**Task directions**
Find the line with "为进一步明确暑期社会实践相关" in the data below. Repeat it and every line after it exactly, but not the pictures.

**Supplied records**

- - -

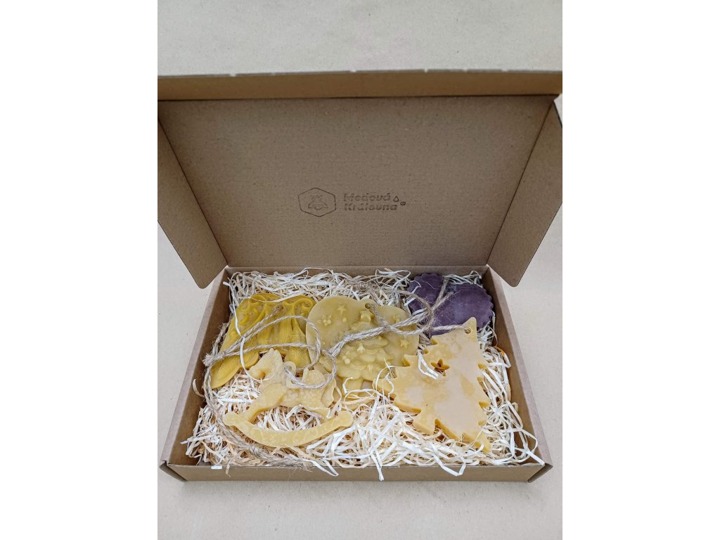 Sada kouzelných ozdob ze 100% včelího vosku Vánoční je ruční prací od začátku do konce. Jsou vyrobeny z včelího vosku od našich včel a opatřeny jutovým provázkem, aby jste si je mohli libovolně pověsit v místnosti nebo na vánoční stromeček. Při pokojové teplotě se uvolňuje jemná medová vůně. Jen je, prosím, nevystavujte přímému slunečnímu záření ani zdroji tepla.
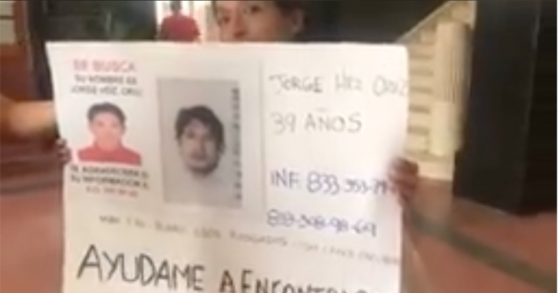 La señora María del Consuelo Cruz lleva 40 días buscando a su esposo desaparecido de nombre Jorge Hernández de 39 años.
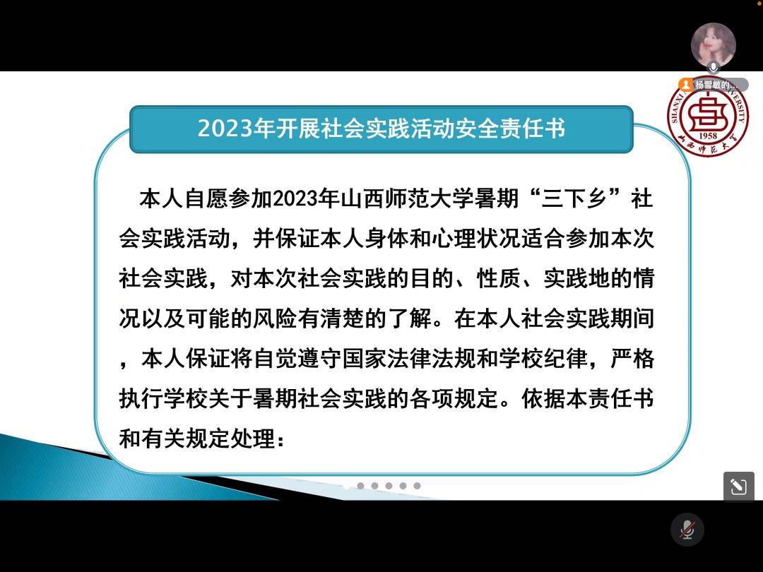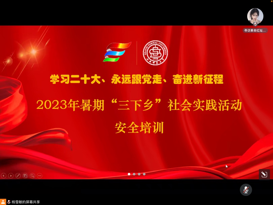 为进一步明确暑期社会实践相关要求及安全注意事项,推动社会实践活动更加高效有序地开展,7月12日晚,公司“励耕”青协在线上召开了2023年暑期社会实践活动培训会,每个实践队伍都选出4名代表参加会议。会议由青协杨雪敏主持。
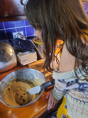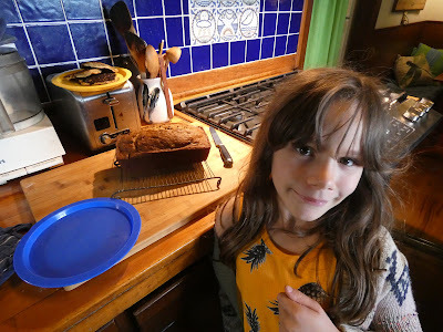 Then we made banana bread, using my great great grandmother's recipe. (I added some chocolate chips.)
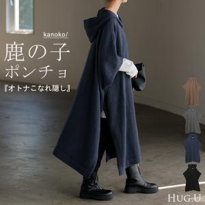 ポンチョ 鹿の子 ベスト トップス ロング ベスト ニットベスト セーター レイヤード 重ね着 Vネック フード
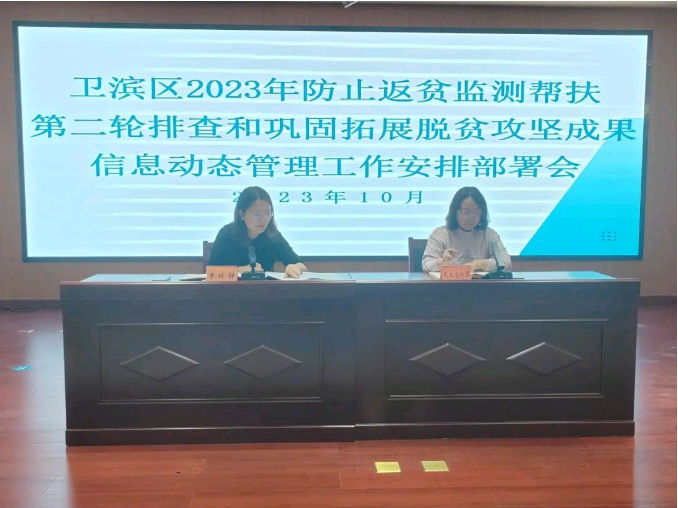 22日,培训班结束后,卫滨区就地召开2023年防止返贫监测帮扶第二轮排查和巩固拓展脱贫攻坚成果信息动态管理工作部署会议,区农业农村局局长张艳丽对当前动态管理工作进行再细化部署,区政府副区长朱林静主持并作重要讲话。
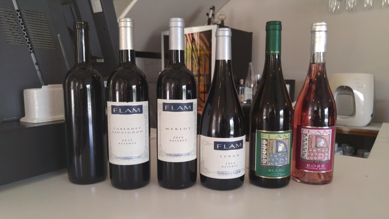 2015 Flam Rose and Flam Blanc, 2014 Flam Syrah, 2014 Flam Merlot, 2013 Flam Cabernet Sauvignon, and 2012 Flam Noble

- - -

**Your response**
 为进一步明确暑期社会实践相关要求及安全注意事项,推动社会实践活动更加高效有序地开展,7月12日晚,公司“励耕”青协在线上召开了2023年暑期社会实践活动培训会,每个实践队伍都选出4名代表参加会议。会议由青协杨雪敏主持。
 Then we made banana bread, using my great great grandmother's recipe. (I added some chocolate chips.)
 ポンチョ 鹿の子 ベスト トップス ロング ベスト ニットベスト セーター レイヤード 重ね着 Vネック フード
 22日,培训班结束后,卫滨区就地召开2023年防止返贫监测帮扶第二轮排查和巩固拓展脱贫攻坚成果信息动态管理工作部署会议,区农业农村局局长张艳丽对当前动态管理工作进行再细化部署,区政府副区长朱林静主持并作重要讲话。
 2015 Flam Rose and Flam Blanc, 2014 Flam Syrah, 2014 Flam Merlot, 2013 Flam Cabernet Sauvignon, and 2012 Flam Noble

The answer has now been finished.